What happens when a sink on the Titanic overflows?
It sinks it.
What happens when a sink on the Titanic overflows?
It sinks it.
Kids are only virgins because their dicks are small.
How do you get 500 drunk TTC people out? "Ah, on fire, a warning shot." "Uhhh sir, it's a M92 mortar." "Ah, just fire the shot!" Please get out before you get triggered from the pool and you have no clothes showing your nono parts. Oh wait, please get out of the pool drunk people. Potato, potatoes, fire ze shot.
What does Trump stand for?
Trump Runs Underneath My Penis.
What do you call a fat man with a rape whistle? Hogan!
One time, there was a happy little girl. One day, her teacher asked how many legs and arms a pineapple have. She said,
"You know those pokey things on it? That's how many."
Teacher says, "That's dumb. They have zero." Then the next day, the girl set a fire in her house, and she burned her legs and arms. Then she survived and went to school. Then the teacher said, "I heard your house went on fire, and by the way, you know you don't have no arms or legs, right?" The girl said, "OK." Then the teacher asked the question the teacher asked yesterday again. She said, "What do you call a girl with no legs or arms?" The teacher said, "Answer my question!" The girl said, "OK, OK, the girl said 13." The teacher said, "Pineapples do not even have legs!"
Then the teacher had to calm down. Then the teacher said to the girl, "Ask a question. Whatever you want." Then the girl said, "Ok, and I'm sorry, teacher." Teacher said, "It's ok, I need a break." The girl said, "What do you call a girl without legs or arms?" Someone from the class, her name was Nia, she said, "A worm." She said, "NO!!!" The teacher said, "Calm down. Just tell us what!" The girl said, "OK then." The girl said it.......

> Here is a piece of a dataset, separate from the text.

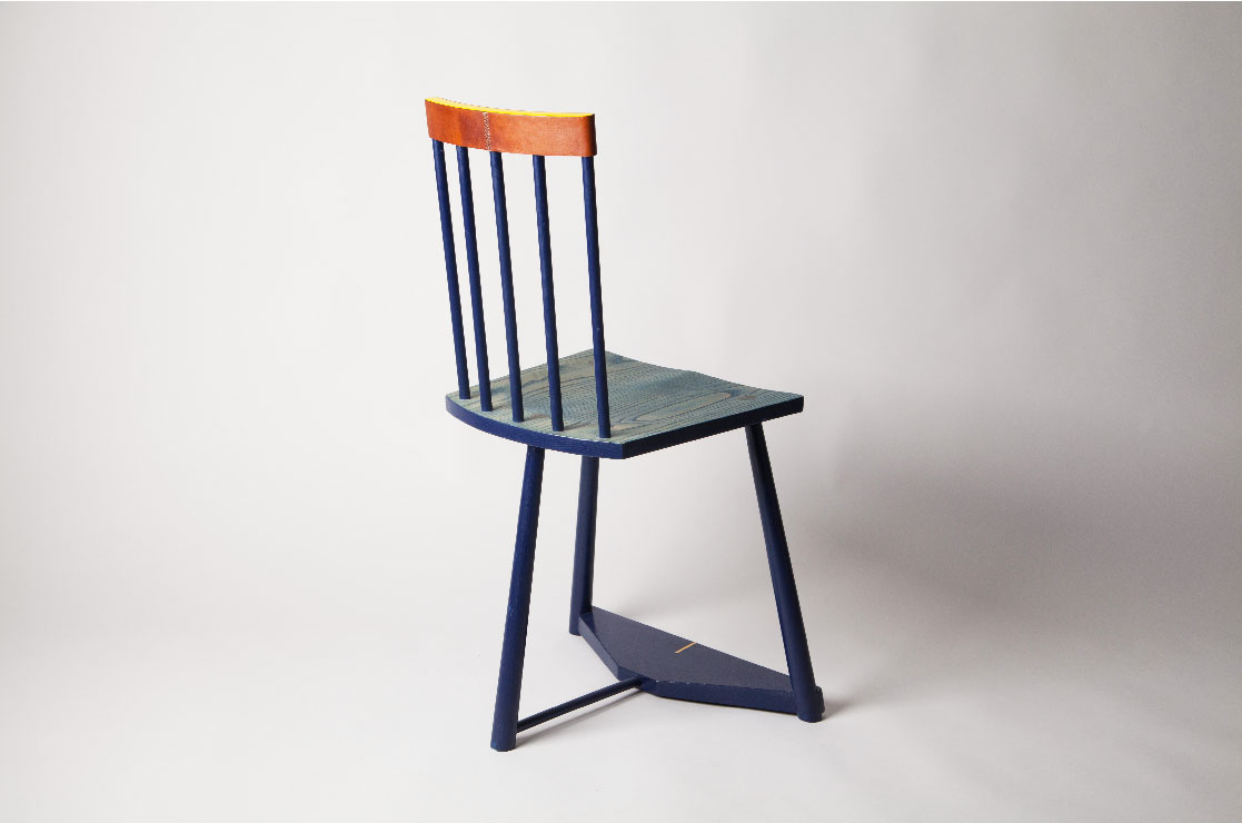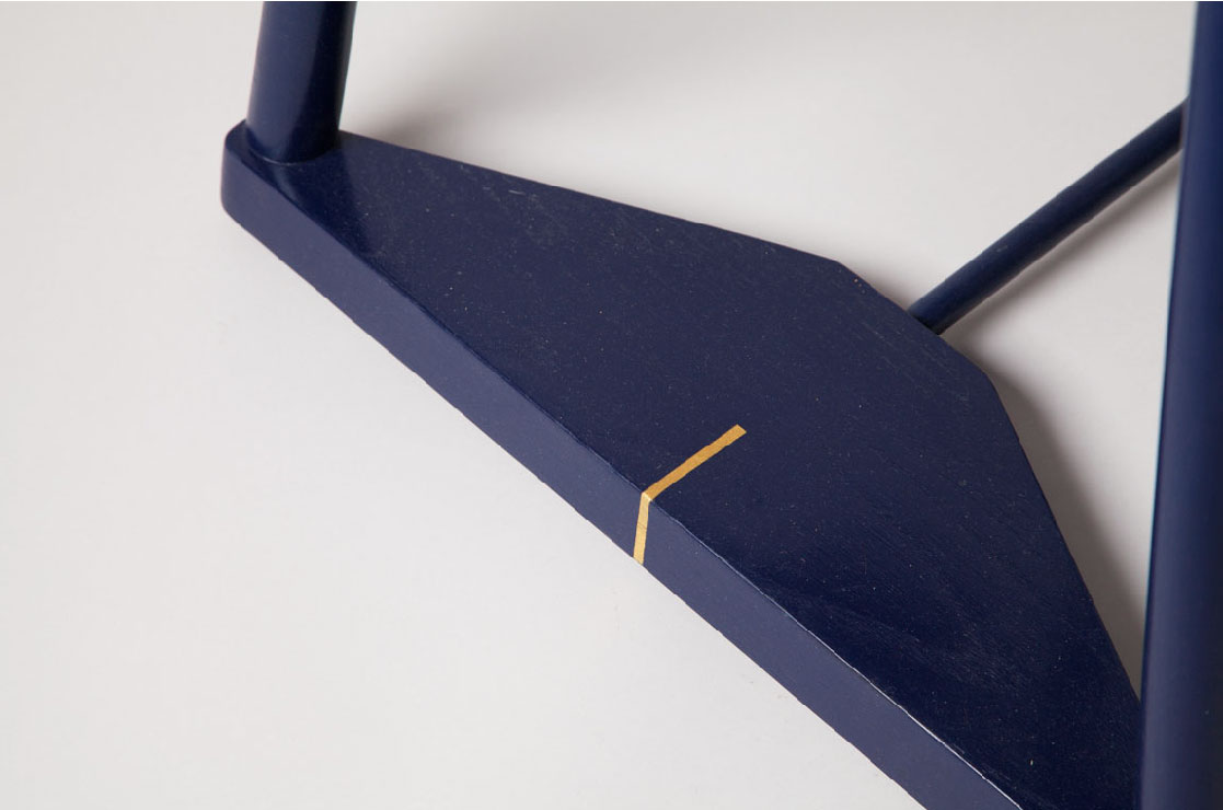 Painted and stained, gilding on footrest. Vegetable tanned leather.
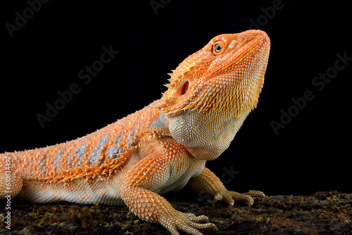 Big bearded dragon lizard on black background

And y'all who is reading my story, guess what the answer is before I tell you and by the way the girl's name is Sunny. Back to story.........she said the answer is A PINEAPPLE! Then when the teacher was calm, she told her to sit down. Then the teacher read a story, "The Three Little Pigs." Then the girl went home, she got a new house, then lived happily ever after.
My dad always used to beat me, but he never beat cancer.
Why don’t you have a pet cheetah?
There cheetah you.
I'M SOOOO SAD. (I have depression btw)
Why were the Twin Towers mad? They wanted pepperoni, but instead, they got plane.
This Anonymous guy is acting like Hitler, bro.
Why is 6 afraid of 7? Because 7 ate 9.
What do you call a kid hanging? An emo kid!
What's the difference between a car and a car?
I have absolutely no idea, sorry.
What do people use more than you that is yours?
What is always in front of you but can’t be seen?
If you’ve got me, you want to share me; if you share me, you haven’t kept me. What am I?
What can you catch, but not throw?
POV: Get a banana cleaner and use it as a sex toy.
The average person in 2023 is less straight than the lines my 5th-grade P.E. teacher walked in college.